[[ Records to process open ]]

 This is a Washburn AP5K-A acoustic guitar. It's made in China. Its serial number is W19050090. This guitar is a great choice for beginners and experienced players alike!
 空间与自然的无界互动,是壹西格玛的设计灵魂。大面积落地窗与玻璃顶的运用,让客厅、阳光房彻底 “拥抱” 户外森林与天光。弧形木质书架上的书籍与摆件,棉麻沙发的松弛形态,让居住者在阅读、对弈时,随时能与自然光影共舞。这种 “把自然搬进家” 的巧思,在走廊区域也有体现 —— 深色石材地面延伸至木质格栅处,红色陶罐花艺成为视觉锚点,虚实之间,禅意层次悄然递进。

[[ Records to process closed ]]
[[ Records to process open ]]

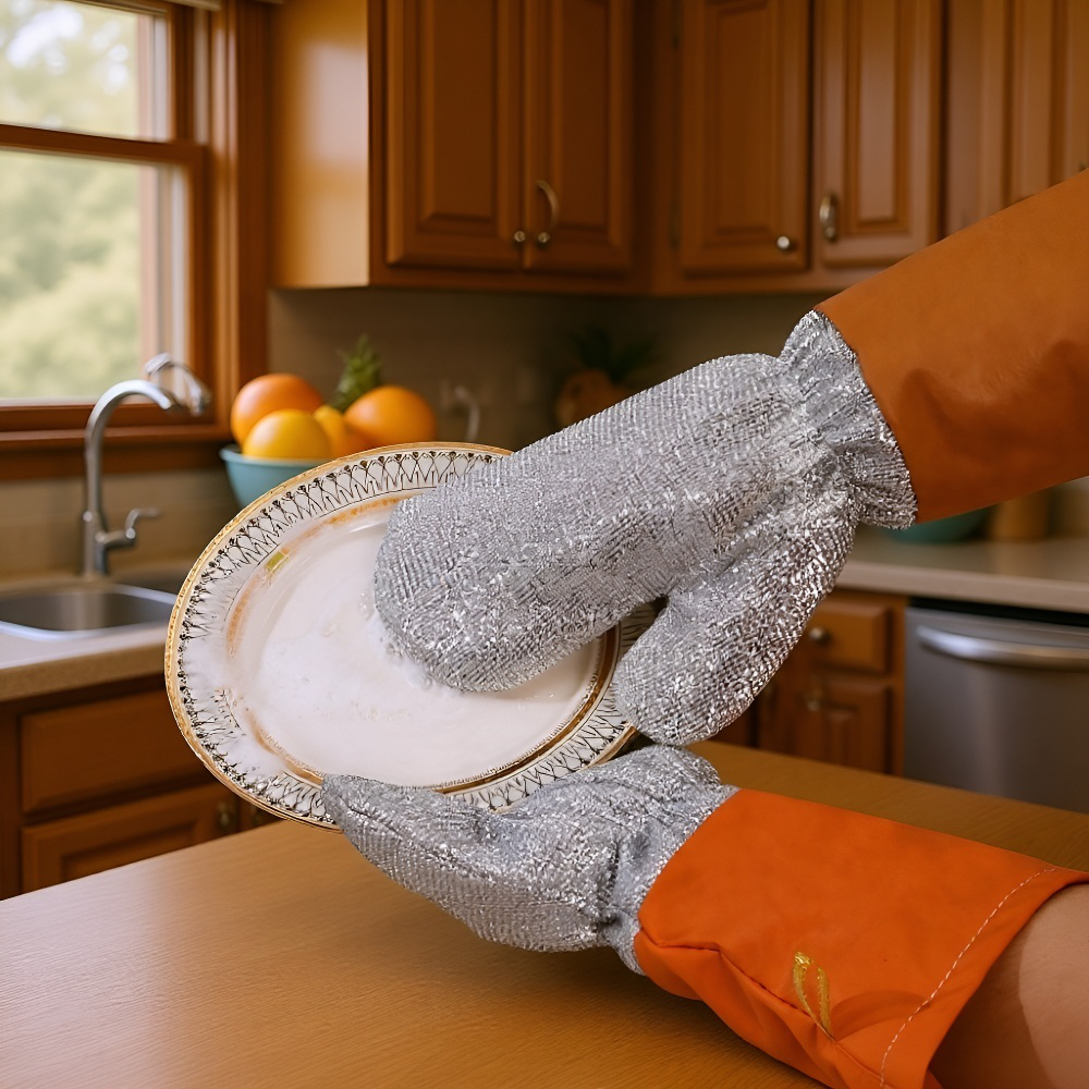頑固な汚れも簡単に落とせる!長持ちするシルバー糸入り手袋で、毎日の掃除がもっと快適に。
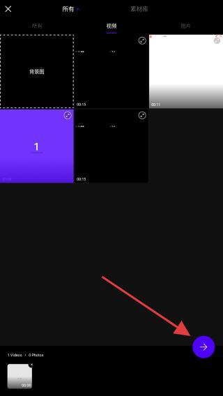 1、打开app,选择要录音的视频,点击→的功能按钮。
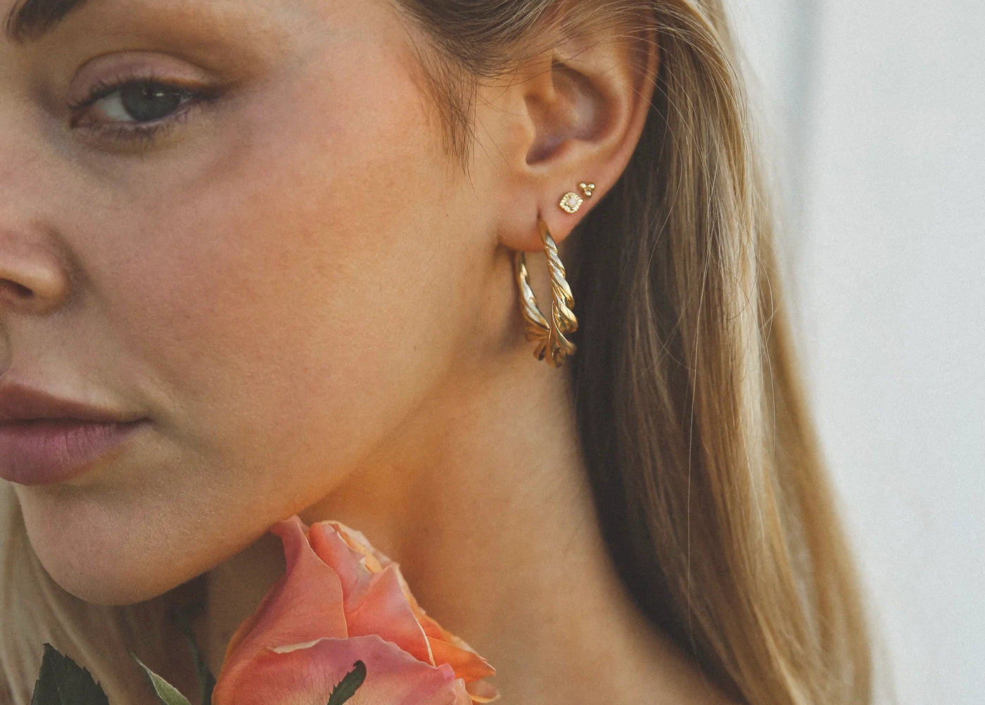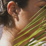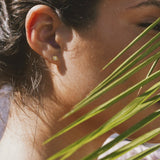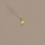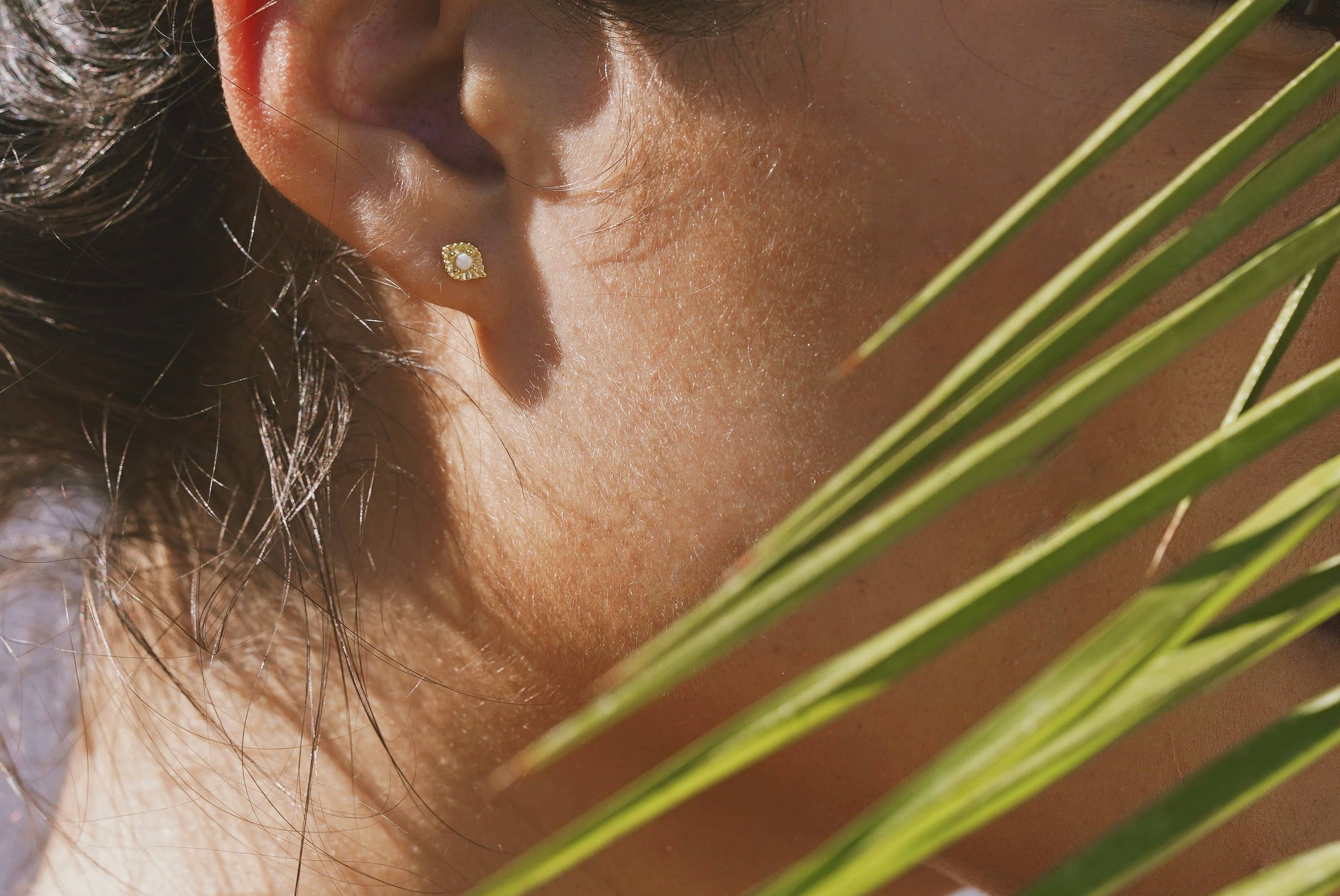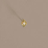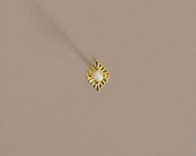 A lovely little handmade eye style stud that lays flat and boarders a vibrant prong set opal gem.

[[ Records to process closed ]]

◆ **Work request**: Wherever the line holding "This is a Washburn" falls in the entries above, copy exactly from it through the line holding "的巧思,在走廊区域也有体现 —— 深色石材地面延伸至木质格栅处,红色陶罐花艺成为视觉锚点,虚实之间,禅意层次悄然递进。", inclusive, and add nothing.

◆ **Exercise solution**:
 This is a Washburn AP5K-A acoustic guitar. It's made in China. Its serial number is W19050090. This guitar is a great choice for beginners and experienced players alike!
 空间与自然的无界互动,是壹西格玛的设计灵魂。大面积落地窗与玻璃顶的运用,让客厅、阳光房彻底 “拥抱” 户外森林与天光。弧形木质书架上的书籍与摆件,棉麻沙发的松弛形态,让居住者在阅读、对弈时,随时能与自然光影共舞。这种 “把自然搬进家” 的巧思,在走廊区域也有体现 —— 深色石材地面延伸至木质格栅处,红色陶罐花艺成为视觉锚点,虚实之间,禅意层次悄然递进。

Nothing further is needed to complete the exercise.